Control of protein stability by post-translational modifications

Abstract

Post-translational modifications (PTMs) can occur on specific amino acids localized within regulatory domains of target proteins, which control a protein's stability. These regions, called degrons, are often controlled by PTMs, which act as signals to expedite protein degradation (PTM-activated degrons) or to forestall degradation and stabilize a protein (PTM-inactivated degrons). We summarize current knowledge of the regulation of protein stability by various PTMs. We aim to display the variety and breadth of known mechanisms of regulation as well as highlight common themes in PTM-regulated degrons to enhance potential for identifying novel drug targets where druggable targets are currently lacking.

Fig. 1. Examples of two opposite archetypal regulatory modules: the PTM-activated degron and PTM-inactivated degron.

a PTM-activated degron: Writer enzymes generate PTMs at specific residues within target proteins that are recognized by an E3 ubiquitin ligase complex for proteasome degradation. PTM-activated degron is a natively inactive degron structure, modified, or otherwise activated by the addition of one or more PTMs, ultimately leading to the proteolytic degradation of a protein. b PTM-inactivated degron: PTMs added to specific sites on protein substrates to inhibit their interaction with the protein degradation machinery. PTM-inactivated degron is a destabilization motif that is inactivated by the addition of one or more PTMs.

Fig. 2. Molecular function of lysine and arginine methylation in control of protein stability.

Lysine and arginine methylation regulates the function of protein by altering stability. Of note, lysine methylation converts protein stability negatively by methyl-degron (light green) and arginine methylation mainly increases protein stabilization by methyl-inactivated degron (dark green). Methyltransferase EZH2, G9a, and SETD7 modify lysine site via mono-methylation and further stimulate poly-ubiquitination of substrates by reader protein such as DCAF1 and L3MBTL3.

Fig. 3. Diverse molecular mechanisms of PTM-control of protein degradation.

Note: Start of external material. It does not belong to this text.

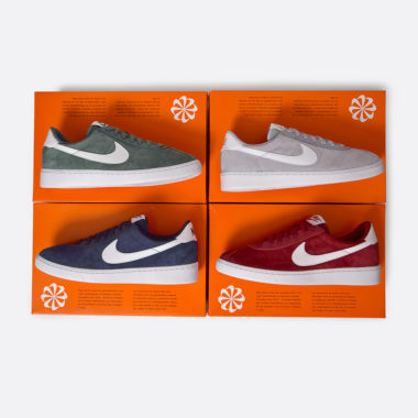 Pour la collection de fin d’année 2016, Nike Sportswear ressort une série très réussie de quatre Nike Bruin. On croirait les modèles d’époque avec cette empeigne en cuir suédé monochrome et ces Swoosh blancs. Quatre couleurs sont disponibles : hasta (un vert), gris, bleu marine et team read (bordeaux). Petite originalité, c’est une boite façon Blue Ribbon Sports qui accompagne les sneakers, comme pour certaines Nike Cortez sorties cette année.
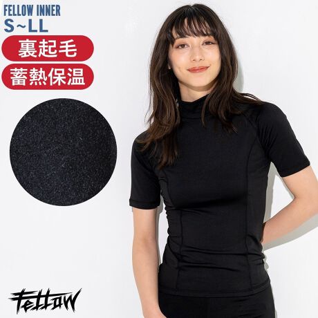 保温インナー レディース ホットラッシュガード 半袖 FELLOW裏起毛 紫外線予防 UPF50+

Various different molecular mechanisms for PTMs changing a protein’s proteolytic stability have been found. DTL (for Denticleless protein homolog, also called CDT2) is the human orthologue of yeast Sic1 and itself a substrate adapter of the DCX E3 ligase complex. DTL is phosphorylated at T464, which promotes interaction with 14-3-3, thus shielding it from degradation by SCF^FBXO11,.

Fig. 4. Protein stability controlled by methylation, acetylation, hydroxylation, and SUMOylation.

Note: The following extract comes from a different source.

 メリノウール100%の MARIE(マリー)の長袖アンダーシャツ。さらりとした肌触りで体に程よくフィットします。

a HIF-1α is regulated by acetyl-inactivated degron, hydroxyl-activated degron, and methyl-activated degron. p300 acetyltransferase generates acetyl-inactivated degron of HIF-1α and HIF-1α acetylation triggers stabilization in acetylation-dependent manner. Because hydroxylation stimulates methyl-activated degron of HIF-1α, hydroxylation reduces protein stability of HIF-1α directly or indirectly. b Examples of the regulation of protein stability by SUMOylation. SUMOylation of PML-RAR induces poly-ubiquitination and further degradation of PML-RAR. In contrast, SUMOylation and multiple phosphorylations of tau cooperatively increase protein stability of Tau.

Fig. 5. PTM cross-talk at degrons.

a Examples of the regulation of MYC stability by different PTMs. In many cases, PTM networks are formed as one PTM acts as a priming factor for the next, by establishing protein-protein-interaction interfaces. b Examples of the regulation of p53 stability by PTMs. Note, multiple other PTMs have also been shown to affect p53 turnover in addition to the ones shown.

Fig. 6. Proteomic profiling of effects of PTM modulating enzymes on proteolytic stability.

Schematic for using multiplexed proteome dynamics profiling for detecting the effects of PTM writer and eraser enzymes on protein degradation. Cells are cultured in light SILAC medium or heavy SILAC medium. Following a switch to heavy SILAC medium (replicate 1) or light SILAC medium (replicate 2), and subsequent inhibition of writer or eraser enzymes, samples are collected after a suitable time point, lysed, digested with trypsin, labeled with isobaric mass tag reagents (TMT), and pooled. Next, samples are processed by mass spectrometry. Tandem mass spectra generated from light and heavy SILAC signals will contain TMT reporter ions that can be used for relative quantification of changes in degradation rates between the different conditions (control, inhibition of writer enzyme, inhibition of reader enzyme) from the two biological replicates.